Our guide Mani together with our driver was already waiting for us at the airport. We wasted no time and immediately made our way to the capital of Bhutan, Thimphu. But not before passing by the Iron Chain Bridge and Tachog Lhakhang Dzong. I’ve always wanted to take photos on this famous bridge. It’s one of the many bridges made by Thangtong Gyalpo in the 14th century, made entirely of iron and chain links. Most of these bridges, much like this one, are still in use up to this day. Imagine how sturdy they must be! Of course we had to test it for ourselves too.
Mani was the first one to cross the bridge. He made it look so easy! When it was my turn, I was terrified! It felt like I was on a trampoline! Plus looking down and seeing the river underneath the iron chain links made me feel a bit dizzy. But I eventually gained my balance. Whew! What an experience!
By the time we got to Thimphu, first thing I saw was the iconic white-gloved policeman directing traffic in the middle of the city’s busiest intersection. Apparently, traffic lights were deemed too impersonal so the government decided to place a police station there to direct traffic. Little did they know it’ll become one of the most photographed curiosities in Bhutan. Being the tourist that I am, I quickly snapped my own photos of the policeman as well. Achievement unlocked.
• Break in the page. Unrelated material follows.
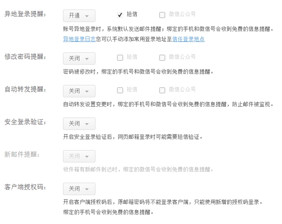 網頁郵箱支持綁定手機號或者綁定微信號,綁定之后,可以開通安全提醒;
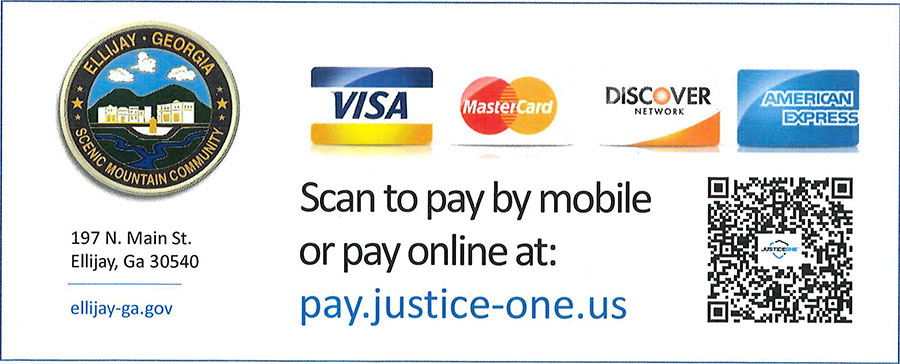 Welcome to the online Traffic Ticket payment page for Ellijay, GA, where Visa, MasterCard, Discover and American Express are accepted. Note there is a service fee charged by a third-party company, Government Window, to cover the cost of this convenient and secure payment service.

We then made our way to Tashichoe Dzong, the kingdom’s main administrative and religious center that houses the largest monastery and the Throne Room of the King. Here I got my first taste of Bhutanese architecture: huge white-washed walls topped by red-and-gold, triple-tiered roofs. Everything was picture-perfect! I couldn’t stop posing at each and every door and window I saw. It was that beautiful. And to make our visit even better, we even witnessed the lowering of the flag ceremony. Unreal. I felt like I was transported to a different time. What a way to end our first day.